К дрожащей и бледной, как смерть, цыганке подскочила вторая, намного старше, но сделать ничего не успела. Лёгкий, стремительный, незаметный для окружающих тычок под дых, и она, судорожно хватая ртом воздух, начала заваливаться назад и грохнулась бы навзничь, но мужчина схватил ее за рукав. Нападавший издал низкое утробное рычание, дернул на себя обеих товарок и оскалился так, как это делают вурдалаки из популярных дешевых триллеров. Что происходило с цыганками, трудно описать. Ноги у них будто отказали, и они тряпичными куклами висели на цепких руках бородача, не способные произнести ни слова и потеряв всякую способность к сопротивлению.

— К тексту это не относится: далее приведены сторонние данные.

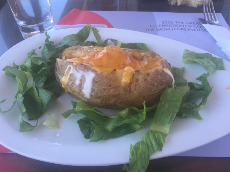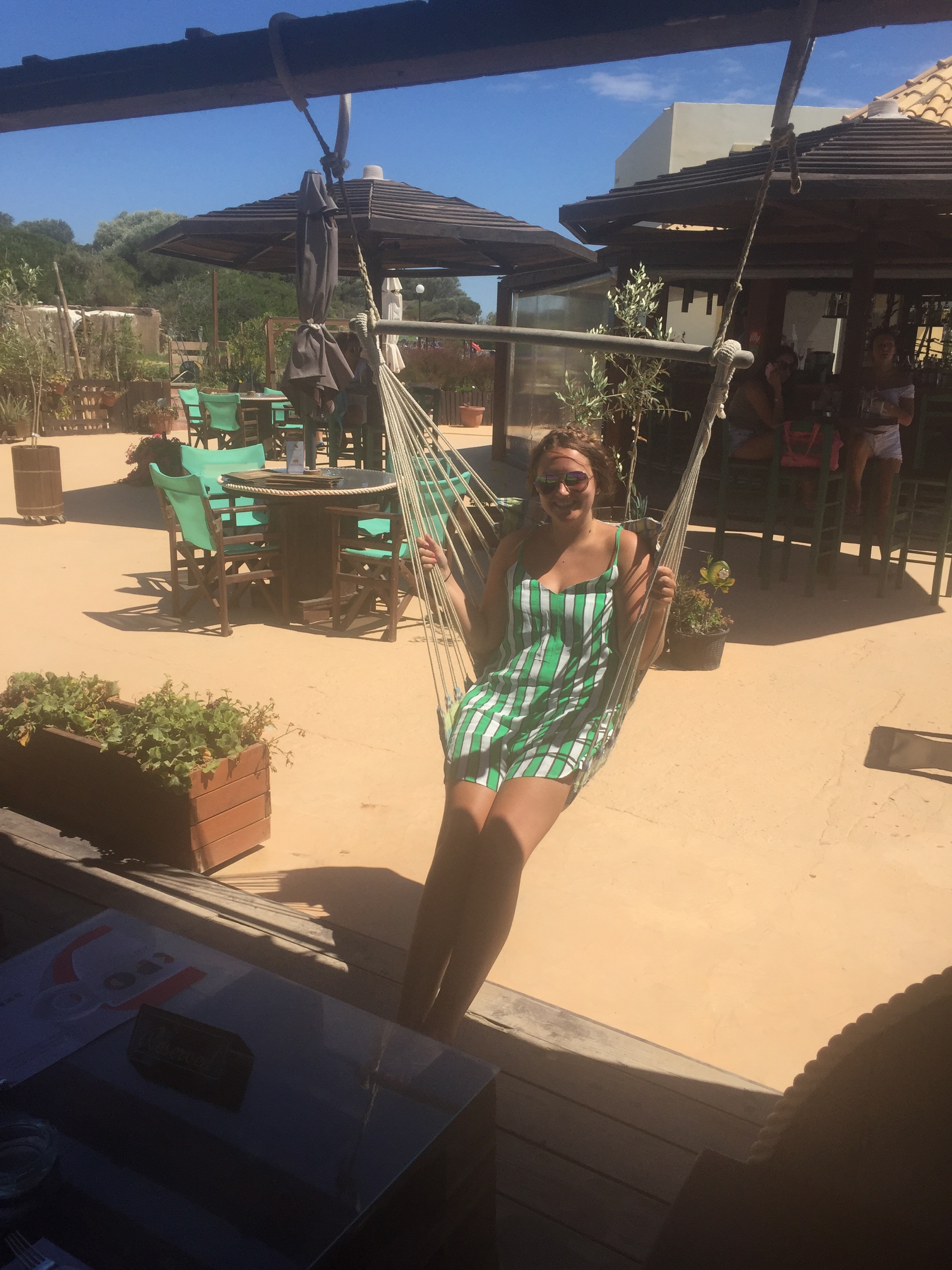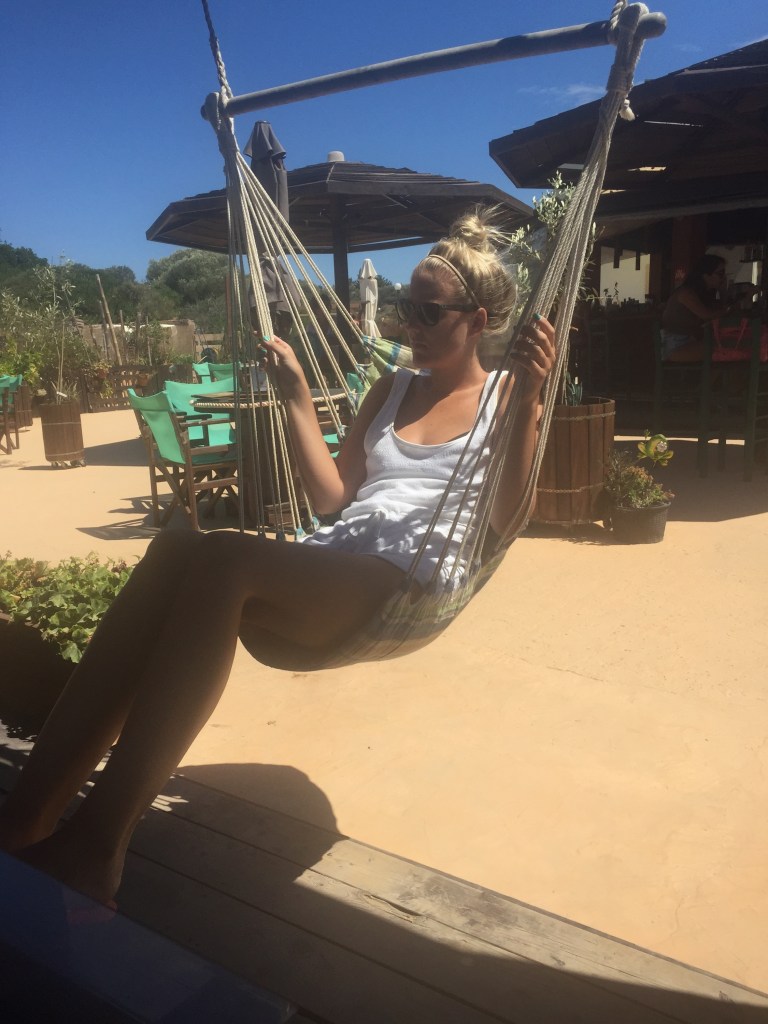 It was too windy and wavy so too dangerous to swim out to them. So we decided on lunch instead. We only wanted a little lunch as we were going to go to the Chinese early before Lauren started work. I went for a jacket potatoe with cheese, bacon and sour cream. It was yummy! We decided to share some nachos topped with cheese and chicken too. They have a swing which we all posed on. It is actually pretty comfy. It’s quite relaxing swinging on it, looking out to sea.

Придвинув оскаленную страшную пасть к самому лицу старшей, мужчина зашипел, брызгаясь слюной и вращая выпученными глазами:
—Деньги и кошелёк! Быстро! — встряхнул он своих пленниц так, что клацнули челюсти, и добавил скороговоркой, — или сейчас тут будет море крови!
Зубы его заскрипели в миллиметре от носа старшей, потом голова стремительно повернулась и во рту у “маньяка” оказалось ухо молодой.